There is no water in the collector panel as there would be with solar tubes, and there is no powered fan as with a conventional air-to-water heat pump.

However, a relatively small amount of electricity is needed to run the compressor, and that can vary depending on usage.

Retrofit systems can even utilise appropriate existing 100l and 200l cylinders, the condenser/heat exchanger being sited with the cylinder.

The panel outside is only around 8kg, eliminating the need to strengthen the roof structure.


This is new technology lacking the extensive, independently verified testing of more conventional solar and air/water/geothermal heat source products.

Performance figures for a thermodynamic array are expressed as COP, common to heat pumps (Coefficient of Performance), a reading of how many units of usable energy is produced, using one unit single unit of electricity.

Air source heat pumps run at a moderate COP of 2-4 but deliver a massive saving on the greater expense of home heating and domestic hot water (water makes up only 15% of a standard billing cycle).

Thermodynamic panels are said to have a comparable average seasonal performance.

There has been only one independent test of a these panels, The Narec/National Renewable Engery Centre test in 2014 which showed a disappointing COP spread over January to July of 1.6-2.2, still likely to offset the expenses of a conventional electric immersion by 50%, industry sources say.

Claims in the industry itself vary from 70%-100%, and Irish sustainable energy service technicians I spoke too (without panels to promote) agreed that 100% was viable ‘dependent on individual domestic hot water usage’.

This could give a potential annual saving for a standard home of about €200.

Financing the technology

Thermodynamic panels are currently not covered by the SEAI Better Energy Homes Grant as a single panel, but according to Richard White of LVP Renewables, some qualify in multiples, which he agrees, does not make any economic sense.

Following further, appropriate independent industry-acceptable testing of thermodynamic products, there’s every reason to believe they will be accepted here for grant aiding in the future, and compare in price to solar water heating systems.

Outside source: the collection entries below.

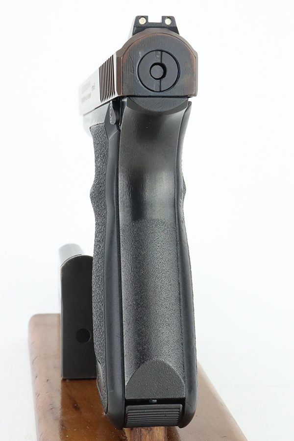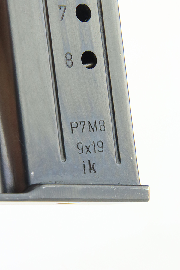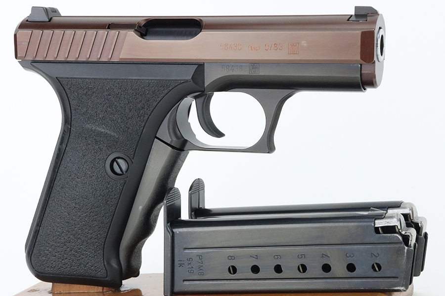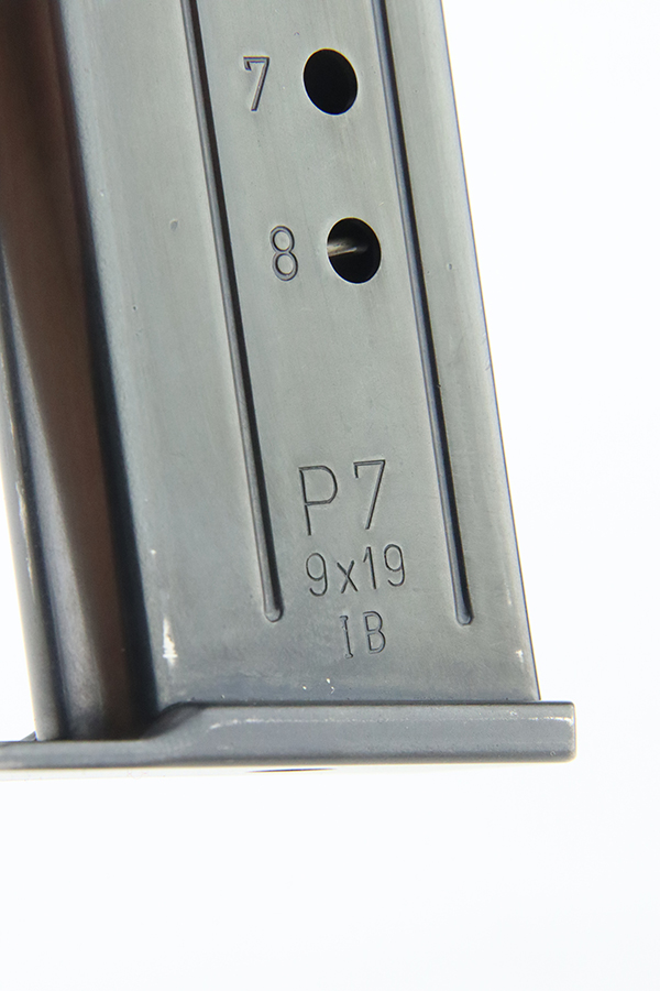 9/3/24 – This is a gorgeous, like-new example of an HK P7 from 1983. It comes with its original matching box, owners manual, and a cleaning brush. The slide has a beautiful plum color to it. No signs of use or wear except for a tiny scratch on the left grip panel. Mint bore. NOTE: The spare magazine is for the P7M8 and won’t fit this gun properly.
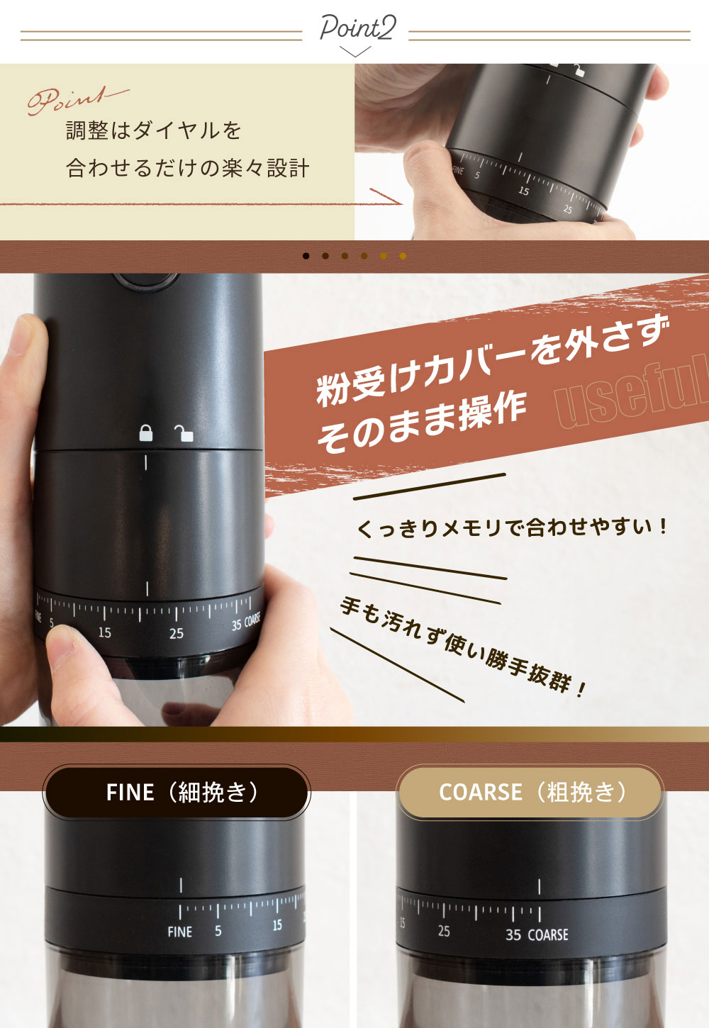 粒度は簡単にセットできるダイヤル式。粉受けカバーを外さずに操作できるから手も汚れず使い勝手抜群!
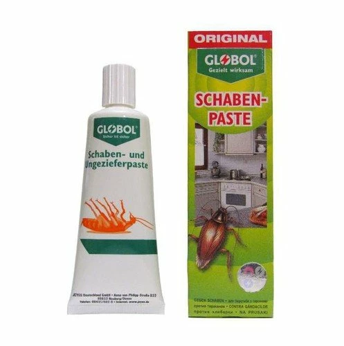 На сегодняшний день немецкая паста Глобол является одним из самых популярных и сильнодействующих средств при борьбе с тараканами. Действующее вещество пасты – хлорпирифос (в концентрации 0,5%) имеет IV класс токсичности и, как утверждает производитель, совершенно безопасно для людей и домашних питомцев (тем не менее контакта с ним лучше избегать). Паста наносится небольшими горошинами в местах обитания насекомых. Тараканы, поедая пасту и перенося ее частички на лапках к сородичам, начинают погибать уже через несколько часов. Максимальный эффект достигается через две недели.
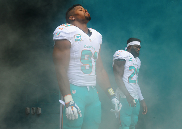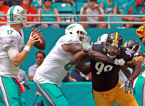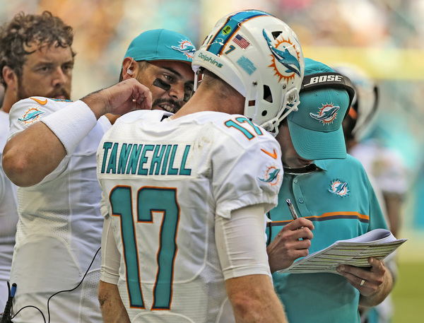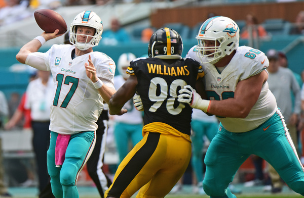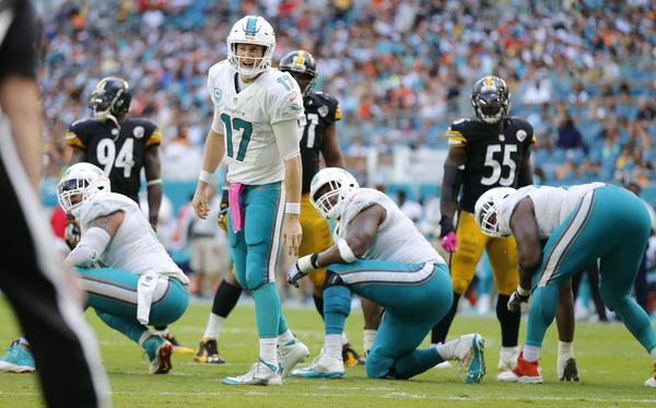 The Dolphins' offensive line of center Mike Pouncey, left guard Laremy Tunsil, left tackle Branden Albert, right guard Jermon Bushrod and right tackle Ja'Wuan James played together for the first time all year and kept quarterback Tannehill from getting sacked, a rare feat.
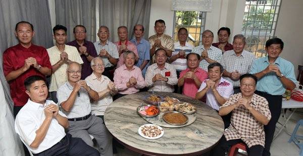 叶新田(前排左5)带领一众华教工作者拱手作揖,祝贺各界新年快乐;前排左起为叶全发、黎海洲、罗伯良、邹寿汉、刘天球、区永强和方山。
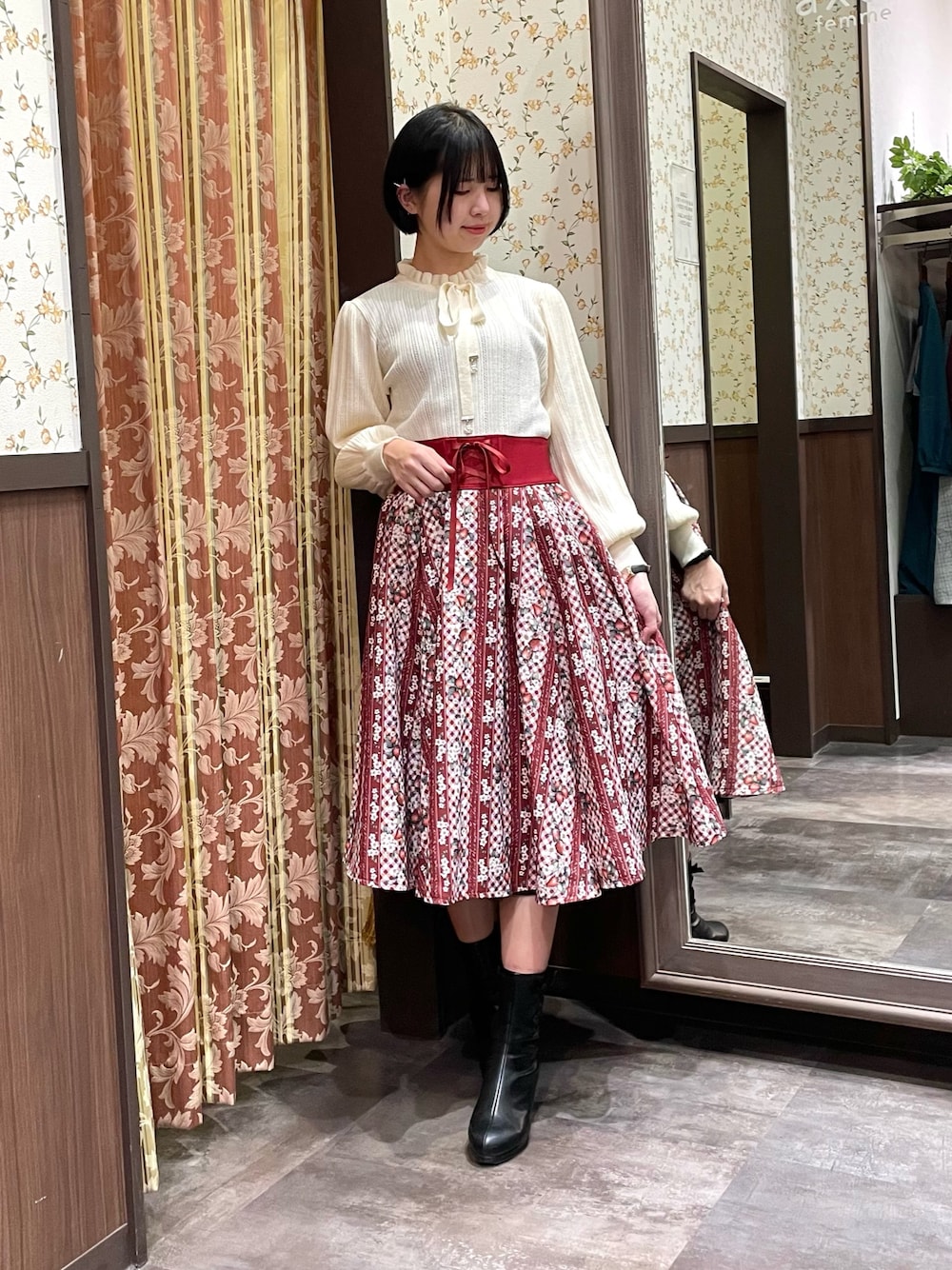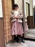 長すぎない丈感で低身長さんにもオススメのストロベリーチェック柄スカートを使ったフェミニンなコーディネートです。 ファーコートを合わせてカジュアルな着こなしに♪

The €1,200 SEAI grant currently offered for retrofits, is for conventional flat plate solar collectors and evacuated solar tubes which will handle 50-60% of your hot water needs depending on individual usage, and cost €4000-€6000 (SEAI).

Thermodynamic panels suppliers registered with Revenue for the Home Renovation Incentive Scheme, qualify for inclusion in this VAT relief scheme (happily now extended for two years by the 2017 Budget),

Comparisons with other systems

Solar panels require detailing at around €200-€250 every three to five years including glycol replacement.

Despite claims by suppliers that thermodynamic panels are maintenance free, service professionals I spoke to were sceptical, claiming they with the potential for ice build up and refrigerant leak, they were ‘not bullet-proof’.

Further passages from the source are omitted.